#### Work required:
All the lines below need to be transcribed exactly. Pictures get left out.

#### Extracted entries:

Start of Block

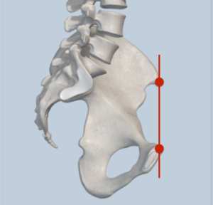 そして、両上前腸骨棘と恥骨結合が矢状面上において垂線(垂直線)で結べるか?と読み替えれるか?下の図を確認!
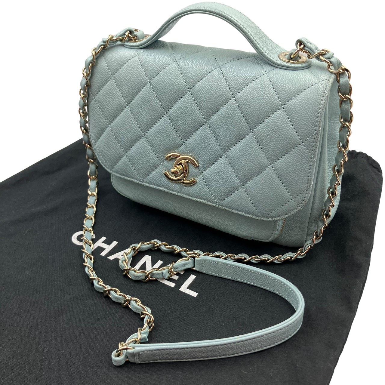 キャビアスキン ポケット 2WAY チェーン ハンドバッグ ブルー系 N2U1CP1L
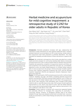 이번 연구는 한의원과 보건소를 통해 프로그램에 참여한 60세 이상 경도인지장애(Mild Cognitive Impairment, MCI) 노인 총 5525명 중 침치료 및 사후평가를 완료한 2242명을 대상으로, 한약과 침치료의 병행이 인지기능 및 우울 지표에 미치는 영향을 평가하기 위해 이뤄졌다.
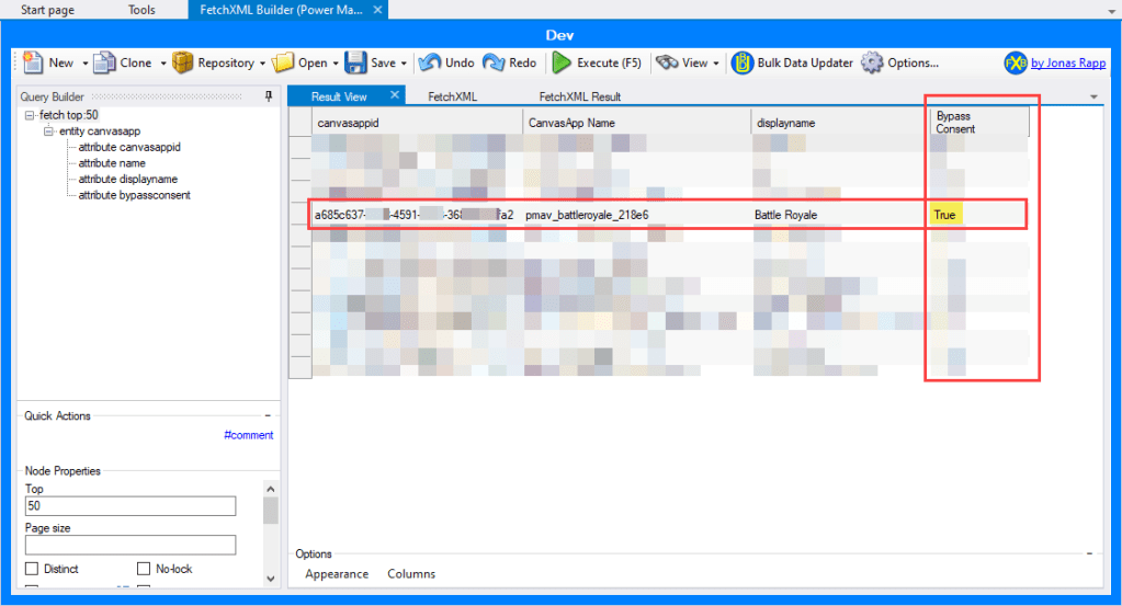 Now, that you executed the script; but how do you make sure if it is working correctly. Easy, head over to Fetch XML Builder in XrmToolBox and fetch data from entity “canvasapps” with attributes such as name, displayname, bypassconsent like shown in the screenshot below:
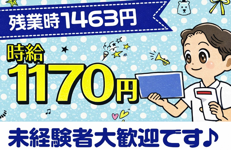 給与 | 時給1,170円以上 給与詳細 基本給:時給 1170円 〜 時給1170円〜 ☆賞与あり!! ☆交通費規定内支給 【給与例】 給与例 【収入例】軽作業スタッフ 時給1,170円 × 7.5時間 × 20日 = 175,500円 ※月の勤務日数により変動します。 ※残業代は発生した場合、別途全額支給(法定通り) |

End of Block

#### Answer to the exercise:
 そして、両上前腸骨棘と恥骨結合が矢状面上において垂線(垂直線)で結べるか?と読み替えれるか?下の図を確認!
 キャビアスキン ポケット 2WAY チェーン ハンドバッグ ブルー系 N2U1CP1L
 이번 연구는 한의원과 보건소를 통해 프로그램에 참여한 60세 이상 경도인지장애(Mild Cognitive Impairment, MCI) 노인 총 5525명 중 침치료 및 사후평가를 완료한 2242명을 대상으로, 한약과 침치료의 병행이 인지기능 및 우울 지표에 미치는 영향을 평가하기 위해 이뤄졌다.
 Now, that you executed the script; but how do you make sure if it is working correctly. Easy, head over to Fetch XML Builder in XrmToolBox and fetch data from entity “canvasapps” with attributes such as name, displayname, bypassconsent like shown in the screenshot below:
 給与 | 時給1,170円以上 給与詳細 基本給:時給 1170円 〜 時給1170円〜 ☆賞与あり!! ☆交通費規定内支給 【給与例】 給与例 【収入例】軽作業スタッフ 時給1,170円 × 7.5時間 × 20日 = 175,500円 ※月の勤務日数により変動します。 ※残業代は発生した場合、別途全額支給(法定通り) |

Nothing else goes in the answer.